While there are many options that could be added to the scripts, I have attempted to keep from making them unnecessarily complicated.  Standard Linux command line utilities can be used for many operations that would otherwise require a fair bit of code complexity.

Don’t have Linux? In this day of free hypervisors, anyone can install and use Linux.

Using the ASM Scripts

The following are more detailed descriptions of each script and their usage.

For each script the –help option will provide some explanation of the options, while the –man option may be used to show extended help.

The Perl Environment

All recent versions of the Oracle RDBMS software ship with Perl installed.  The Oracle based Perl installations already include the DBI and DBD::Oracle modules which are necessary for connecting to the database.

If you don’t already have a version of Perl with the DBI and DBD::Oracle modules installed, simply use the one installed with Oracle:

 $ORACLE_HOME/perl/bin/perl asm-metrics-collector.pl ...

The asm-metrics-chart.pl script requires the module Excel::Writer::XLSX.

If there is a local copy of Perl that you can add modules to, simply install the Excel::Writer::XLSX module.

Otherwise the module can be installed into your home directory.  Setting the PERL5LIB environment variable will allow the script to find the local copy of the module.

asm-metrics-collector.pl

This is the main Perl script used for collecting ASM metrics data.

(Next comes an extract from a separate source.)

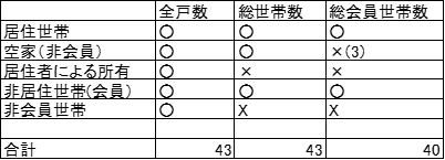 総世帯数、総会員世帯数との関係は以下の通りです。 特に、会員世帯数には非居住世帯(会員)=”稀に居住する非居住世帯”が含まれていることにご留意ください。

Connecting to the database

Connections can be made either via bequeath or TNS as SYSDBA or any user with appropriate privileges.

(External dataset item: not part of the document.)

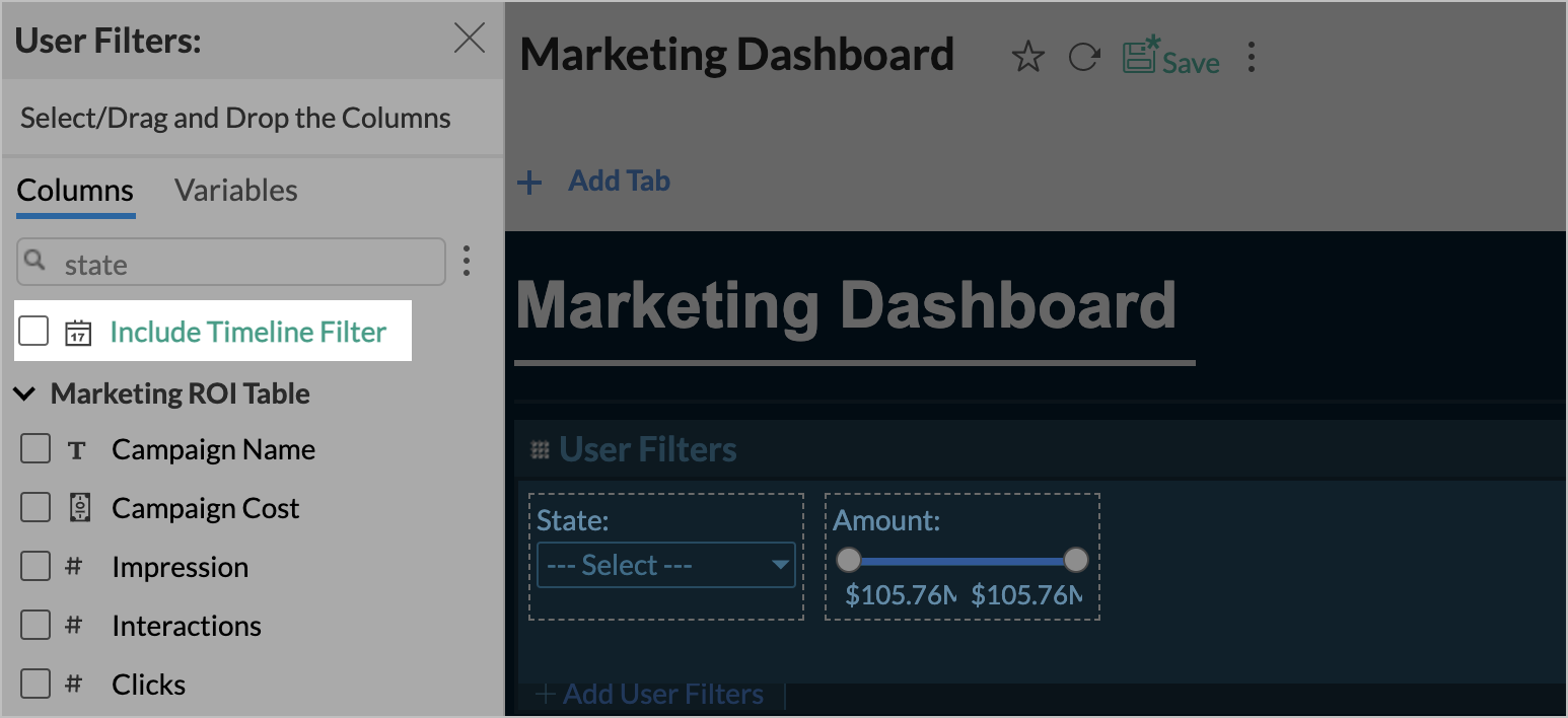 - The Timeline Filter will be added in the User Filter tab.

The following example makes a bequeath connection to the local instance specified in $ORACLE_SID.  As no username or database is specified in the options this connection is the same as ‘/ as sysdba’.

asm-metrics-collector.pl -interval 10 --iterations 20 --delimiter ,

This is the most basic usage of this script.   The –interval parameter refers to the number of seconds between snapshots.

With this basic usage, not all columns are captured.  The –help and –man options display the optional columns.

This next example shows how to include optional columns in the output:

 asm-metrics-collector.pl -interval 5 -iterations 5 -delimiter , --opt-cols DISK_NAME COLD_BYTES_WRITTEN PATH &gt; asm_metrics.csv

And here is an example that causes all available columns to be output:

  asm-metrics-collector.pl -interval 5 -iterations 5 -delimiter , --opt-cols ALL-COLUMNS &gt; asm_metrics_allcols.csv

All output is to STDOUT and so must be redirected as needed.

You may have noticed there is no password on the command line and indeed, there is no provision for a password on the command line.  In the cause of security, the password must either be entered from the keyboard or sent to the script via STDIN.  Following are some examples of connecting with a user that requires a password.

This first example will require you to type in the password as the script appears to hang:

asm-metrics-collector.pl --database orcl --username scott --sysdba &gt; my-asm.csv 

The following two examples get the password from a file:

 asm-metrics-collector.pl --database orcl --username scott --sysdba &lt; password.txt &gt; my-asm.csv
cat password.txt | asm-metrics-collector.pl --database orcl --username scott --sysdba &gt; my-asm.csv 

And just for fun, this method works with the Bash Shell:

asm-metrics-collector.pl --database orcl --username scott --sysdba &lt;&lt;&lt; scott &gt; my-asm.csv
asm-metrics-aggregator.pl

By default the output of asm-metrics-collector.pl will include a row for each disk in each diskgroup.  Should you wish to observe and chart the read and write times at diskgroup level, the presence of one row per disk causes that operation to be somewhat difficult.  The following brief shell script will read output created by asm-metrics-collector.pl, aggregate the chosen columns at the requested level and write it to STDOUT in CSV format.

The aggregation level is determined by the –grouping-cols option, while the columns to aggregate are specified with –agg-cols option.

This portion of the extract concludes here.